My Stringray 5 has a relatively narrow neck, much more so than a typical fender 5 for example. As far as fours, most J's have a very narrow neck, music man sterlings as well.


----------



## Skexis

Are we talking the width at the nut? If so there's a list on another forum that can be found by searching Google for "list of widths at nut. Would have linked it but I don't know whether that's allowed (on either forum).


----------



## A-Branger

in reality should be the width at the nut + string spacing in order to get the narrowest neck because as I mention before my current Ibanez bass has a nut width same as the SR line, but due to my string spacing is wider, I have a wider neck towards the high frets


----------



## eyeswide

WSchaferJR said:


> My Stringray 5 has a relatively narrow neck, much more so than a typical fender 5 for example. As far as fours, most J's have a very narrow neck, music man sterlings as well.



You can look up stats, on it, but from my experience, Sterlings feel thinner than J basses.


----------



## shredfreak

Narrow would be an ibanez GVB.
54mm at nut with 14mm string spacing for a 6 string. Not entirely sure but it doesn't get any more narrower then this.

It's mainly designed to play more chords wich is pretty much what gerald does in his style of playing. Definatly want to try that one out at some point since that spacing is stupidly narrow.

An alternative to stupidly narrow string spacing would be to buy a 4 string & drop in a kahler 2440 series 5 string bridge and have a nut adapted to 5 strings. That would pretty much achieve your goal in the simpelest matter imho.

On second though, since the 2440 bridge is modular you can keep it as a 4 string. and only need to buy a new nut to adapt to it. This would only limit you for choice of pickups being rail type pup's.

Although honestly said, unless you're going to play chord style like veasley, a narrow spacing like that is more of a curse then a blessing imho.


----------



## MajorTom

They are not cheap by anybodies standards, but they are one of the bass guitar manufacturers that have become an industry standard in all genres of music, and they are just as famous for the width of their nuts, as in how narrow they are, as they are for their legendary sound, Rickenbacker, the only real draw back with them is that it's quite hard to find five or six string Rickenbacker's, they all tend to be four strings, and did I mention that they where expensive, very expensive, their 4000 series, their most famous and popular line of bass guitars, and also what Lemmy used, retail for about as much as a custom made to you're very own spec, one off bass guitar would cost you, if it was made by a very well known, highly skilled and respected luthier.

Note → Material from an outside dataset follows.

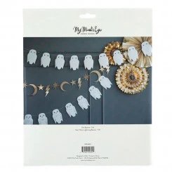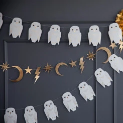 Die „Girlande ‚Magische Eulen'“ von My Mind’s Eye ist ein Stück Zauber, das jeder Raumgestaltung eine geheimnisvolle Note verleiht. Sie besteht aus fein ausgeschnittenen Eulen- und Himmelssymbolen in einem sanften Weiß mit goldglänzenden Akzenten, die das Licht einfangen und den Raum mit einer warmen Atmosphäre erfüllen. Mit einer Länge von 152 cm lassen sich die beiden Girlanden-Teile sich mühelos in jedem Raum anbringen und ist die perfekte Ergänzung für Geburtstage, Leseecken oder einfach als stimmungsvolle Alltagsdekoration. Wenn die Party vorbei ist, kann sie leicht abgenommen und aufbewahrt werden, um bei der nächsten Feier erneut für leuchtende Augen zu sorgen.

But they are worth it, not just for their build quality but for their legendary sound as well.


----------



## LordCashew

The Peavey Cirrus is pretty narrow (and thin) at the nut. They're solid basses too. Not sure I'd use one for heavy music but it's been done...


----------



## HeHasTheJazzHands

I can be wrong, but I believe Dave Ellefson used Cirrus basses after he left Jackson, before he got his own custom Zodiacs.


----------



## LordCashew

HeHasTheJazzHands said:


> I can be wrong, but I believe Dave Ellefson used Cirrus basses after he left Jackson, before he got his own custom Zodiacs.



There you go. I think Rudy Sarzo used them too before getting a sig based on them. There's also the guy from Otep, if anyone's even heard of them...

The Cirrus is a really versatile bass, but for rock/metal I just prefer something with a natural focus in the low-mids.


----------